I miss the courtliness of the gentlemen and the flintiness of the ladies. Of course, the men can flirt, too. There’s nothing like a good flirt to raise one’s spirits.

 

Which authors do you most admire and why?

Aristophanes, the great Greek comic playwright from Fifth Century Athens is my guide. Of course, any American writer must turn to Twain as he was the first among us to write in the American idiom. I read constantly and were I to list who I admire it would go on for pages. I do love Turgenev. For non-fiction: Gibbons and Churchill. Among the living, I am enjoying watching Karin Slaughter grow and deepen as a writer.

 

Do you have any bits of writing wisdom that you can share with aspiring writers?

Learn Latin. Nothing is more important to your ability to handle language than this. Latin is the foundation of all Western culture and about 60% of the English language. Without it we wouldn’t know how to speak or write a subordinate clause, etc.

The truth is if you don’t know Latin, you don’t know English. And if you’re too lazy to learn, you really don’t want to be a writer, you just want to pretend you are.

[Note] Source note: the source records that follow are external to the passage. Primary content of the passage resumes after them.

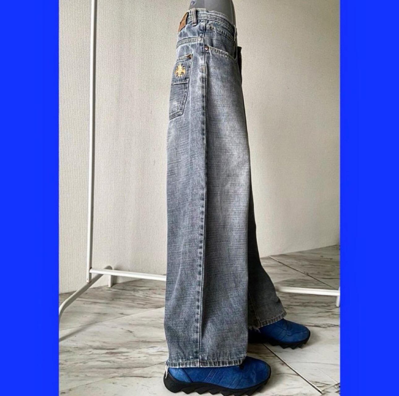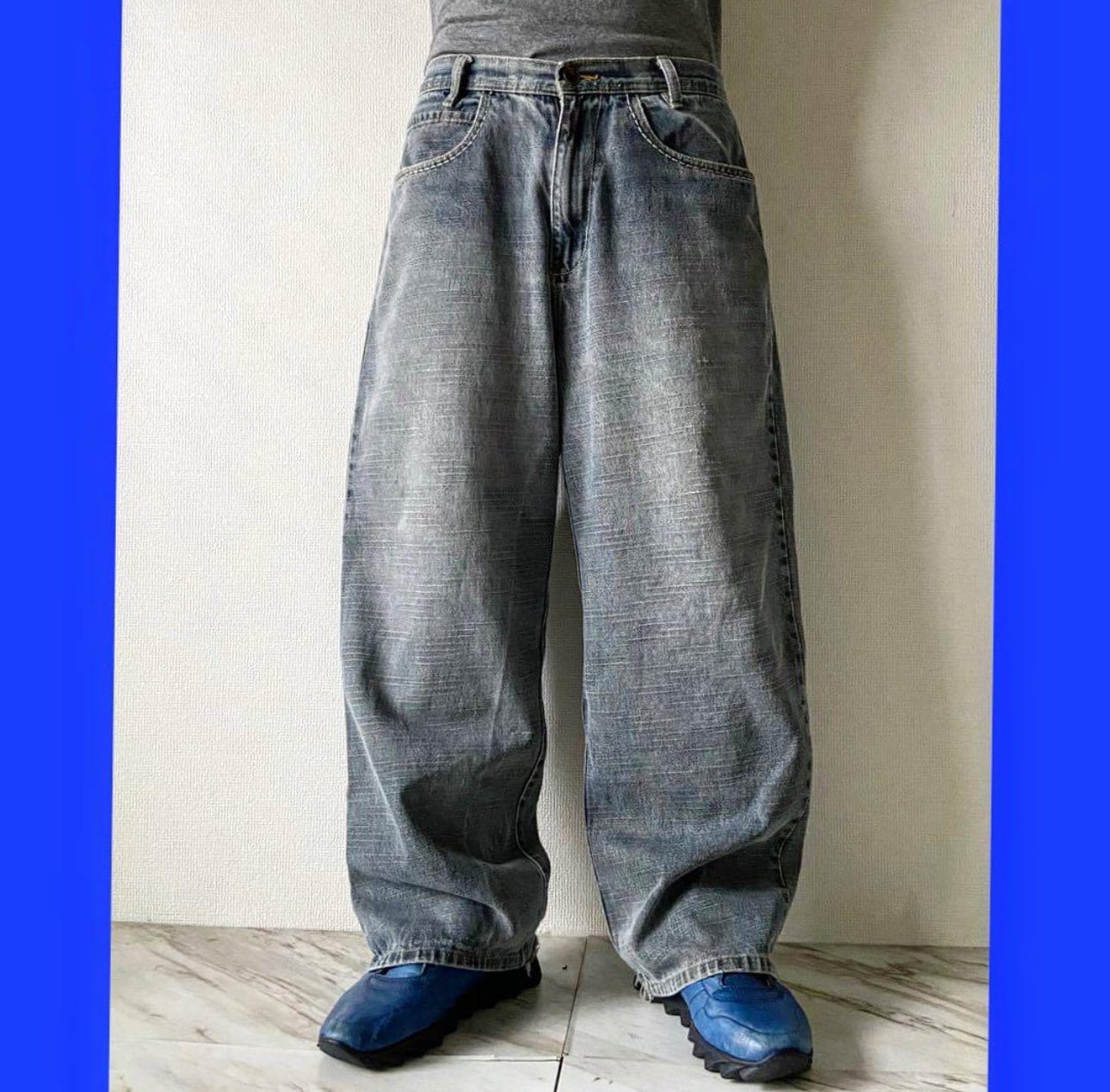 上から下までズドンと太いバギーシルエット 気の利いた 総柄デニムパンツ 総柄パンツ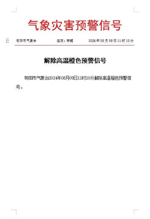 解除高温橙色预警信号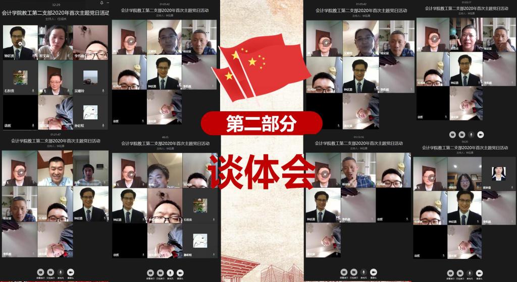 为了策划筹备好本次支部网络主题党日活动,会计学院教工二支部的支委们相继通过微信支委群和企业微信会议等方式开展了大量的前期策划准备工作。支部书记钟廷勇以及全体支委委员秉持“学习早一步、理解深一步、工作快一步”的理念,提前开展了对习近平总书记系列重要讲话精神的自我学习,并及时地将政治理论学习成果感悟结合所授专业课程的教学定位与教学内容有机融入到网络直播授课中,为学院广大党员教师在疫情防控网络教学期间开展好网络课程思政实践创新提供了教学示范,为进一步激发学生爱党爱国、勤学担当的家国情怀提供了更具现实感召力的课程思政价值引领。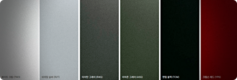 차량 컬처는 6개가 나와있는데 화이트 크림, 쉬머링 실버, 타이탄 그레이, 아마존 그레이, 팬텀 블랙, 크림슨 레드 이렇게 있습니다.

Thanks to Latin I can feel a word on my fingertips, taste it on my tongue. If I say, “verandah,” I can feel it isn’t Anglo-Saxon and it isn’t Latin. You can be a good journalist without deep training but if you want to write, really write, then you have to look to the opera singer who studies constantly and controls a column of air for something like four hours. A rock star, three and a half minutes, through a couple of songs and most are burned out before ten years.

In short, you either love language or you don’t. You can be the best plotter ever but you must still use English. With Latin, you have style. Without, you simply have a story.